Годы спустя, встречаясь с однокашниками по академии на регулярных встречах выпускников, Миша шутил:
– Вы все тут генерал-майоры, и только я майор без генерала!
Никогда, ни одной секунды он не пожалел о том выборе. Армения – его Родина.
Я так благодарна дяде Мише, что он не остался в Москве. Потому что мой папа в это время уже летел в Ереван – к новому месту службы. Их обоих уже ждали ордера на квартиры в одном подъезде: у дяди Миши на втором этаже, а у нас – на третьем. Иначе мы с Мариной никогда бы не встретились!
– Миша! Да отпусти ты Розу хоть на секунду! – просила мама. – У нас женский разговор!
Рука Миши в это время слегка поглаживала шею Розы, там, где шелковые кудри выбивались из тщательной прически с шиньоном.
Майор Теймуразян прославился не только отличной службой на благо Родины (а его знал весь Закавказский военный округ, у меня есть доказательства, расскажу как-нибудь в другой раз), но и талантом тамады. Многочисленные родственники, друзья и сослуживцы хотели видеть на своих свадьбах, именинах и крестинах только Михаила Геворковича и никого другого.
Только уважаемый товарищ Теймуразян знал, как надо напоить гостей и превратить празднество в нескончаемое веселье, после которого все обязательно скажут: «Ах, какую свадьбу Ашот-джан дочке отгрохал! В жизни столько не веселились!»
Миша знал миллион тостов, и каждый начинался издалека: от скромных красавиц с глазами ланей и тугими косами, от коварных князей и бедных юношей на горячих скакунах. Он стоял перед длинными столами, ломящимися от армянского гостеприимства, в одной руке высоко держал бокал, другая неизменно лежала на плече жены. Он говорил, пел, снова говорил, называя всех гостей по именам: его знал весь город, и он знал всех, затем, провозгласив тост, залпом осушал бокал! Гости вскакивали, подхватывали эстафету, выпивали вино, водку, коньяк, обнимались и не замечали, как кривилось лицо Миши и какие гневные взгляды он бросал на Розу: «Как ты посмела, женщина?!»
А она нежно улыбалась ему в ответ и качала головой: «Не злись, любимый, ты мне завтра спасибо скажешь». И, не обращая внимания на протесты Миши, выражавшиеся в особом пожатии ее плеча, стоило мужу отвлечься на секунду, как фокусник-иллюзионист, ловко подменяла бокал с вином или рюмку с водкой на сок или минеральную воду. А вокруг все восхищались: «Настоящий джигит Миша-джан! Столько пить и не пьянеть!»

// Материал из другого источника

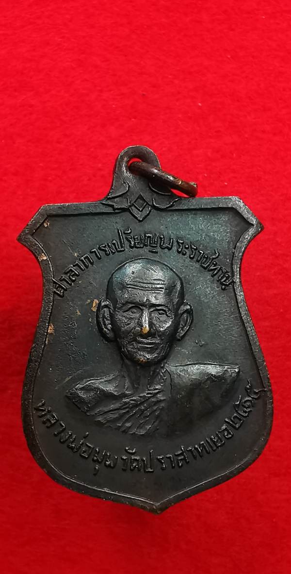 เหรียญหน้าบันเนื้อทองแดงรมดำ หลวงพ่อมุม วัดปราสาทเยอร์ ปี2515 บล็อค 9 กา |

А кумушки шептались: «Видели, видели, как он ее то по спине погладит, то за грудь ущипнет? Совсем стыд потерял, даже детей не стесняется!» И мало кто знал, что щипал Миша не грудь.
Однажды Роза поднялась к моей маме на третий этаж.
– Света, – сказала она, – что-то грудь побаливает.
И, стесняясь, добавила:
– Посмотришь?
Нащупав опухоль, мама ахнула:
– Роза, милая, дорога́ каждая минута.
– Я боюсь, – сказала Роза.
Но если любят по-настоящему, то никакие изменения в теле, шрамы, увечья не повлияют на отношение друг к другу. Роза для мужа по-прежнему осталась желанной.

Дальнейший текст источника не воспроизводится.